Anfang der 1990er Jahre befand sich der „Garten vor der Debray Farm“ bei Sotheby’s im Besitz des japanischen Papierfabrikanten und Sammlers Ryoei Saito, der 1996 verstarb. Saito ist vor allem dafür bekannt, dass er bei einer Auktion im Jahr 1990 die Rekordsumme von 82,5 Millionen US-Dollar für Van Goghs „Porträt des Dr. Gachet“ (Juni 1890) bezahlt hat. Obwohl Saito einmal den Wunsch äußerte, dass das Porträt nach seinem Tod mit ihm verbrannt werden sollte, wurde dieser Wunsch nicht erfüllt. Das „Porträt von Dr. Gachet“ ist inzwischen in einer ungenannten Privatsammlung verschwunden.
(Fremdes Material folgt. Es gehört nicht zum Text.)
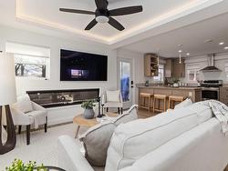Located in the heart of Crichton Park, experience elevated living in this beautifully reimagined 3-bedroom + den/office, 2.5-bath home. Meticulously redesigned with premium finishes and thoughtful detail throughout, every inch of this residence has been curated to create an entertainer’s dream, blending sophistication, efficiency, and comfort. Step inside to an impressive main floor featuring two spacious living areas, complete with a sleek electric fireplace and cove lighting adding warmth and cozy ambiance. The designer kitchen boasts stunning quartz countertops, soft-close cabinetry, pullout pantry doors, sink cup rinser, and under-cabinet feature lighting that creates a magical atmosphere—especially in the evenings. An elegant home office, stylish powder room and sleek foyer complete the main level. This home is equipped with solar paneling, a ducted heat pump, and an air exchanger, offering modern energy efficiency and year-round comfort. Upstairs, retreat to a generous primary suite, a walk-in closet, and a beautifully finished ensuite bathroom with double sinks and a get-ready nook. Two additional bedrooms and a full 4-piece bathroom with a floating vanity provide comfort and space for family or guests. While the basement remains unfinished, it offers incredible potential. A finished bonus room is ready to serve as a home gym, kids’ zone, second office, or cozy media den. Outside, enjoy living in a family-friendly neighbourhood just minutes from shopping, parks, and amenities. With its thoughtful touches, ambient lighting, luxurious finishes, energy-efficient upgrades, and versatile layout, this home delivers the perfect blend of style, comfort, and functionality.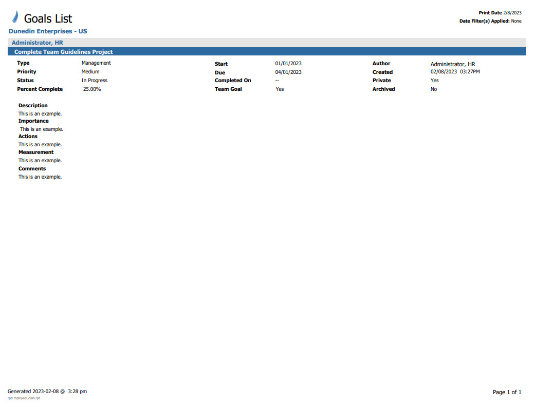 Note: To access the 'Print Team Goal Report' button set the securable Performance Management - Detail Access - Report: Team Goals to Full Access in the Group Security Maintenance. Once this is enabled, it will provide the ‘Print Goal Report’ functionality in the 'Team Goals' section of the selected Employee's profile.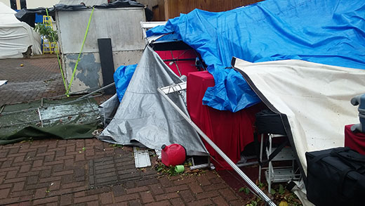 Vento danifica decoração natalina e destrói barracas de feira do artesanato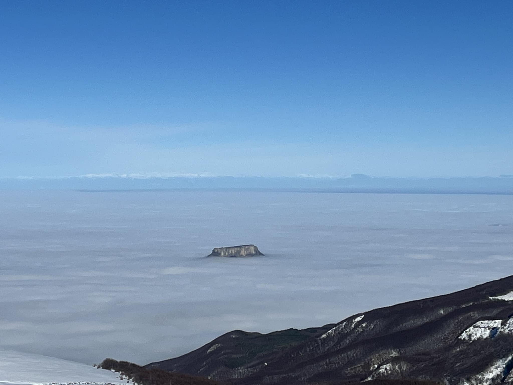 Come un iceberg alla deriva ... la Pietra di Bismantova che emerge dalle nebbie è un blocco di arenaria lungo 1 km, largo 240 metri e alto 300 metri rispetto ai campi circostanti. La sua sommità, che raggiunge i 1041 metri, spesso riesce a bucare il tappeto di nuvole e mostrarsi al Sole.

Ein Hauptanziehungspunkt für potenzielle Käufer bei der Sotheby’s-Auktion von „Garden in front of the Debray Farm“ am 16. Mai wird die lebhafte Farbgebung sein, die den impressionistischen Einfluss auf Van Goghs Werk demonstriert. Die leuchtenden Gelbtöne im Vordergrund sind ein Vorläufer seiner lebhaften Werke, die er in der Provence schuf, wohin er nur sechs Monate nach dem Malen dieser Montmartre-Szene umzog.

Die kommende Auktion von Sotheby’s bietet Kunstkennern und Van Gogh-Liebhabern eine einzigartige Gelegenheit, ein Stück Kunstgeschichte zu besitzen. Wenn der „Garten vor der Debray Farm“ unter den Hammer kommt, werden seine reiche Farbpalette und seine historische Bedeutung die Bieter in ihren Bann ziehen. Dieses Gemälde bietet nicht nur einen Einblick in Van Goghs kreative Reise, sondern auch eine faszinierende Hintergrundgeschichte über die Konfiszierung im Krieg und die rechtmäßige Rückerstattung. Es ist ein Zeugnis für den bleibenden Wert und die kulturelle Bedeutung der Kunst, die Zeit und historische Umwälzungen überdauert.